== Segment start ==
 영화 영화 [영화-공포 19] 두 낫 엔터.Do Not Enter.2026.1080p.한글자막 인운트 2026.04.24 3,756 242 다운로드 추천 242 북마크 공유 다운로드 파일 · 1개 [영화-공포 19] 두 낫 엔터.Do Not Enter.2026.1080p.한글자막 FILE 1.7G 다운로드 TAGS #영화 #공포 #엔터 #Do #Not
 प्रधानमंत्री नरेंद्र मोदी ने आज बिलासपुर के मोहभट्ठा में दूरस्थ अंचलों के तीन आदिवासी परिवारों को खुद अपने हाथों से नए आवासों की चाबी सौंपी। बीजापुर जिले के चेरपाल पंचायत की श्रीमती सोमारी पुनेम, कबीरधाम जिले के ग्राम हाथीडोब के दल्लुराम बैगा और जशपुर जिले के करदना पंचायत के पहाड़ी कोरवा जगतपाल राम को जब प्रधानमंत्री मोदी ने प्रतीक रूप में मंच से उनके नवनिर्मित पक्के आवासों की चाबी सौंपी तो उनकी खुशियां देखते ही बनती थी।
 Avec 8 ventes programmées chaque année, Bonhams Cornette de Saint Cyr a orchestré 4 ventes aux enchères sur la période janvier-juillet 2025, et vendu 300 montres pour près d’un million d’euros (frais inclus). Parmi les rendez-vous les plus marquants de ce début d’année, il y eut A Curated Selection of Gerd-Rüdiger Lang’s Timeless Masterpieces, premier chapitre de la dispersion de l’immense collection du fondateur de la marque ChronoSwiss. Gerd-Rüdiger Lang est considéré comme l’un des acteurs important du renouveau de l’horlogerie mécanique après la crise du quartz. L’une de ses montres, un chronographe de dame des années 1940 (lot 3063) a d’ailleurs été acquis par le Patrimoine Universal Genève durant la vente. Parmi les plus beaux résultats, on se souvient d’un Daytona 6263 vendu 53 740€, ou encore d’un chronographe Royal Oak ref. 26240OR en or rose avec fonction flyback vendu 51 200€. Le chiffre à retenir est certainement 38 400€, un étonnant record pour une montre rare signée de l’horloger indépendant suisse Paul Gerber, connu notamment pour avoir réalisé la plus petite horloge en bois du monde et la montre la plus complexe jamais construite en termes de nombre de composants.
== Segment end ==
== Segment start ==
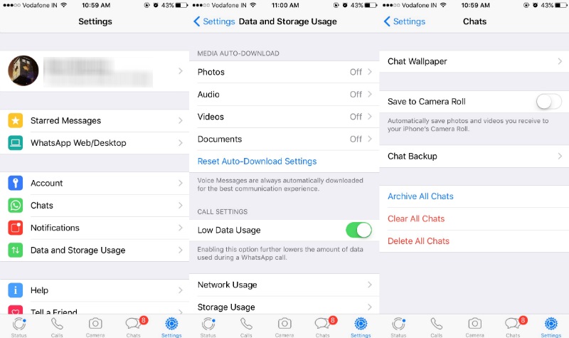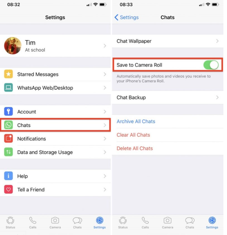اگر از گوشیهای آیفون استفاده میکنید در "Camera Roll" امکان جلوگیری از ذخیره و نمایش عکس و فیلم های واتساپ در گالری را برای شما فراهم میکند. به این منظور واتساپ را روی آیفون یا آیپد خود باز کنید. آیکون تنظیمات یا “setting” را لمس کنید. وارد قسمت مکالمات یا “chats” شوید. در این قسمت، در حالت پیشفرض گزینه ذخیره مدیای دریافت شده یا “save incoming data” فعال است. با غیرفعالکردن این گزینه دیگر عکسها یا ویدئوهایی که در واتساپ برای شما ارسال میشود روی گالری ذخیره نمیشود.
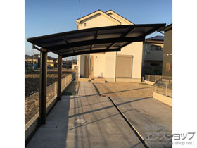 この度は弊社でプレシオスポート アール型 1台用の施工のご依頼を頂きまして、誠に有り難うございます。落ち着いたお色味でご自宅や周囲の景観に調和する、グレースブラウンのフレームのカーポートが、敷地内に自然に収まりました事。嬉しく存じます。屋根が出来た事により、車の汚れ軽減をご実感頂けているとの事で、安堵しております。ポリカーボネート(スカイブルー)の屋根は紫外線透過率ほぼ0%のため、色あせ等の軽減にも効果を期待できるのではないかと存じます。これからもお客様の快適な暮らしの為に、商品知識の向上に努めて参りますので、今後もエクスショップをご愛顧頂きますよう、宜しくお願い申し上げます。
== Segment end ==
== Segment start ==
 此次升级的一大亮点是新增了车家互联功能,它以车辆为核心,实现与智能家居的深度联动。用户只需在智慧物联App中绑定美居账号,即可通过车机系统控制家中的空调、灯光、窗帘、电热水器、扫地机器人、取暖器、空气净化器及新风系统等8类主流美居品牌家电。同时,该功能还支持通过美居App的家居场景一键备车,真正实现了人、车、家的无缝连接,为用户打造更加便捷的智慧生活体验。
== Segment end ==
Action item | Set down only the lines above that fall between the line holding "영화 영화 [영화-공포" and the line holding "प्रधानमंत्री नरेंद्र मोदी", inclusive, keeping each exact.

The completed task |
 영화 영화 [영화-공포 19] 두 낫 엔터.Do Not Enter.2026.1080p.한글자막 인운트 2026.04.24 3,756 242 다운로드 추천 242 북마크 공유 다운로드 파일 · 1개 [영화-공포 19] 두 낫 엔터.Do Not Enter.2026.1080p.한글자막 FILE 1.7G 다운로드 TAGS #영화 #공포 #엔터 #Do #Not
 प्रधानमंत्री नरेंद्र मोदी ने आज बिलासपुर के मोहभट्ठा में दूरस्थ अंचलों के तीन आदिवासी परिवारों को खुद अपने हाथों से नए आवासों की चाबी सौंपी। बीजापुर जिले के चेरपाल पंचायत की श्रीमती सोमारी पुनेम, कबीरधाम जिले के ग्राम हाथीडोब के दल्लुराम बैगा और जशपुर जिले के करदना पंचायत के पहाड़ी कोरवा जगतपाल राम को जब प्रधानमंत्री मोदी ने प्रतीक रूप में मंच से उनके नवनिर्मित पक्के आवासों की चाबी सौंपी तो उनकी खुशियां देखते ही बनती थी।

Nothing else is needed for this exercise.